Start of Block
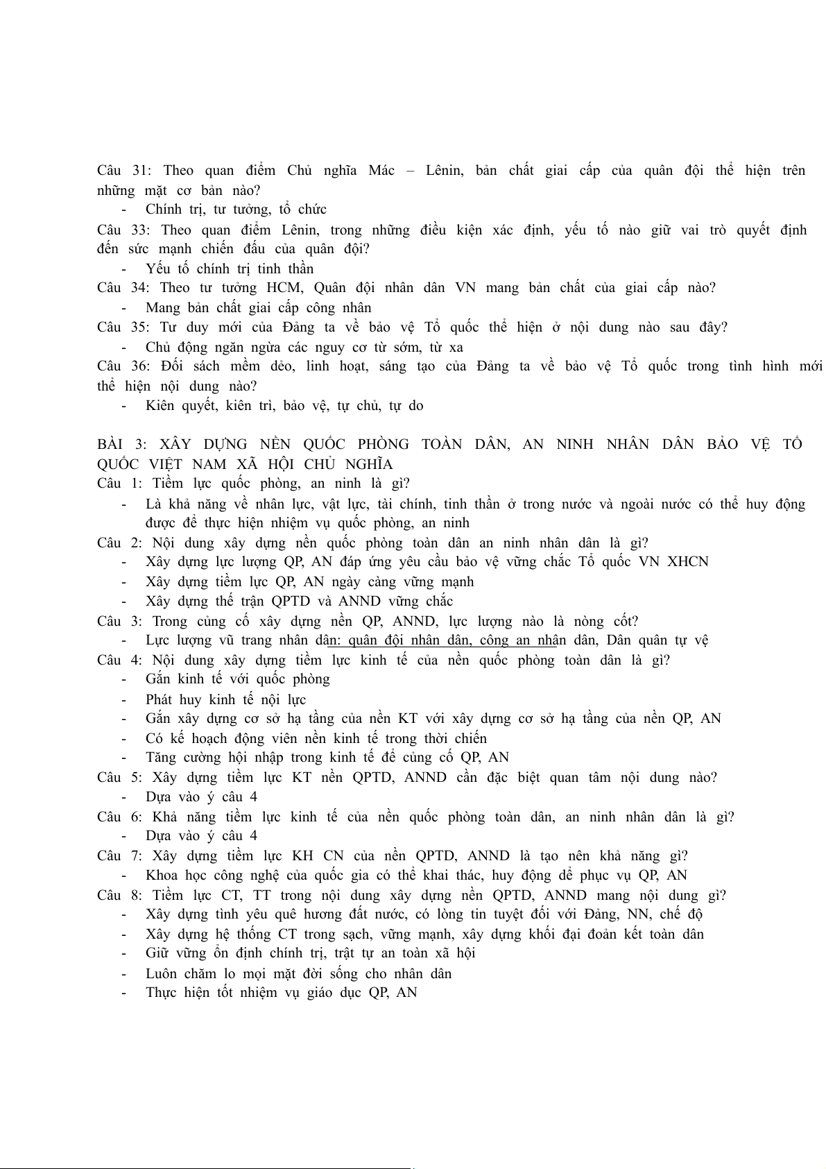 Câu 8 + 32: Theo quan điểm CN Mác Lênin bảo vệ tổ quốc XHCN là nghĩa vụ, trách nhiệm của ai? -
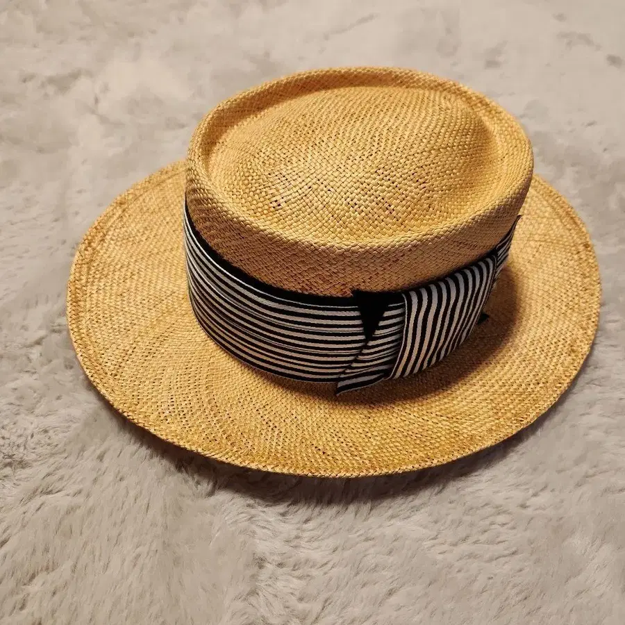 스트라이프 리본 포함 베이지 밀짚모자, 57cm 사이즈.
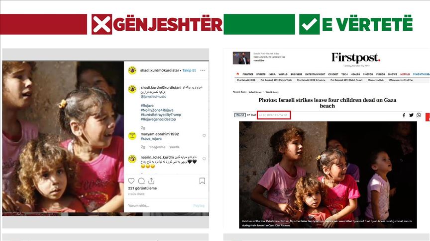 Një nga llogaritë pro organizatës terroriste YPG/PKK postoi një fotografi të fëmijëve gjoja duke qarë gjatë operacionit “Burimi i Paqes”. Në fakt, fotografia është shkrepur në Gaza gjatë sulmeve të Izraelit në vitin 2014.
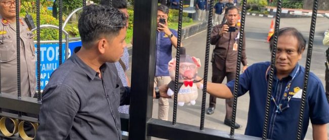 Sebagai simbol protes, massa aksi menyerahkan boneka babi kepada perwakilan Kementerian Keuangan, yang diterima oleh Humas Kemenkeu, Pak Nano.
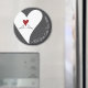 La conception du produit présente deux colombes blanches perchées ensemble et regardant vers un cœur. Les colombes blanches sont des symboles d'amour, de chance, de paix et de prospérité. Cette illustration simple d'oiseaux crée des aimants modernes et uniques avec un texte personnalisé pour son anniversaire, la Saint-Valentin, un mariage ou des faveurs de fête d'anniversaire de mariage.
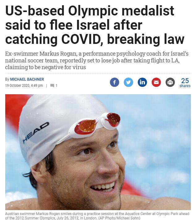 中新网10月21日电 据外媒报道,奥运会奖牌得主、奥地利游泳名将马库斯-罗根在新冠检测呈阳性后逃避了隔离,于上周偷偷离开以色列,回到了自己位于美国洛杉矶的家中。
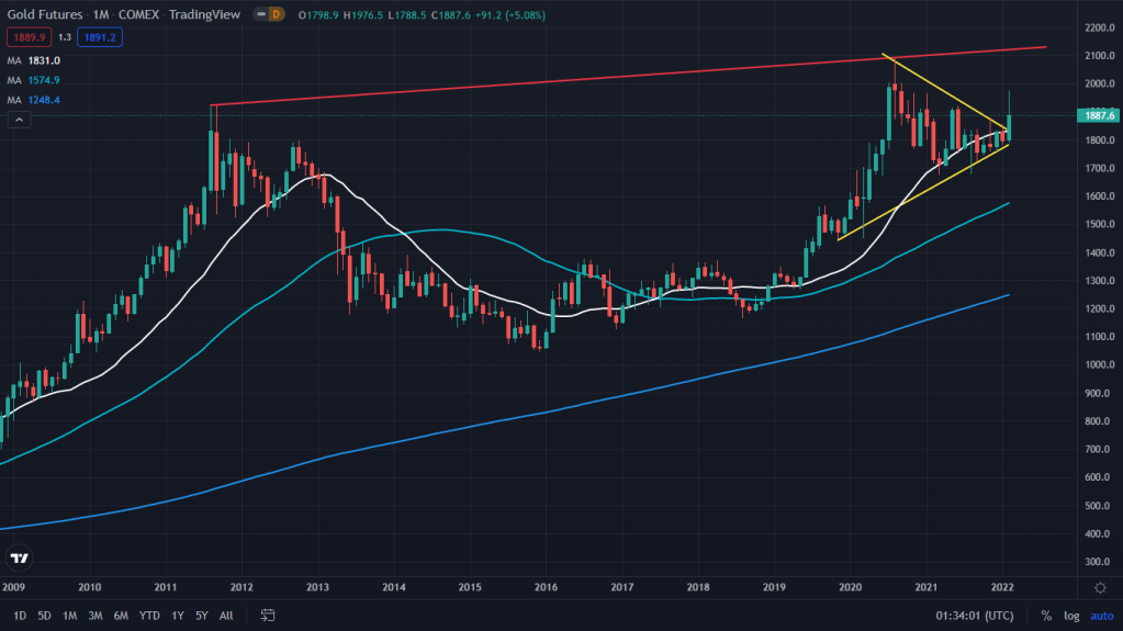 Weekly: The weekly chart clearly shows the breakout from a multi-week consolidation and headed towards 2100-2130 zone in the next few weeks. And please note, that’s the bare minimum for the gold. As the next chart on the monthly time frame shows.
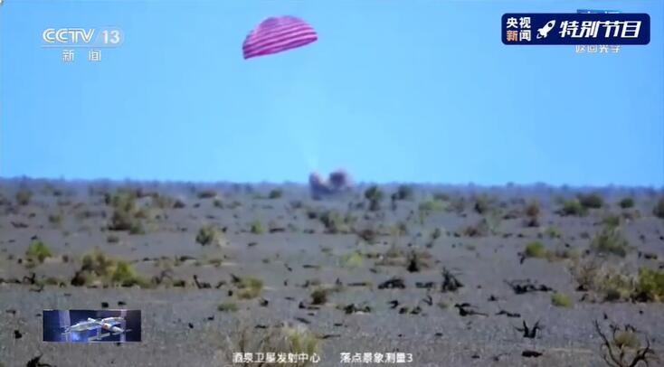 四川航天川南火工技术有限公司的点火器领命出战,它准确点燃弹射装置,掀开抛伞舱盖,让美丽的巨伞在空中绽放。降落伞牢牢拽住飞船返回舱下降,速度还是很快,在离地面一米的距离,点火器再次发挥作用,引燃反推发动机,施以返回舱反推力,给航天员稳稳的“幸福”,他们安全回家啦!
End of Block
REQUIREMENT → Starting with the line that holds "中新网10月21日电 据外媒", retype each line through the last one in the listing above, exactly as written. Do not copy any pictures.

ANSWER BOX →
 中新网10月21日电 据外媒报道,奥运会奖牌得主、奥地利游泳名将马库斯-罗根在新冠检测呈阳性后逃避了隔离,于上周偷偷离开以色列,回到了自己位于美国洛杉矶的家中。
 Weekly: The weekly chart clearly shows the breakout from a multi-week consolidation and headed towards 2100-2130 zone in the next few weeks. And please note, that’s the bare minimum for the gold. As the next chart on the monthly time frame shows.
 四川航天川南火工技术有限公司的点火器领命出战,它准确点燃弹射装置,掀开抛伞舱盖,让美丽的巨伞在空中绽放。降落伞牢牢拽住飞船返回舱下降,速度还是很快,在离地面一米的距离,点火器再次发挥作用,引燃反推发动机,施以返回舱反推力,给航天员稳稳的“幸福”,他们安全回家啦!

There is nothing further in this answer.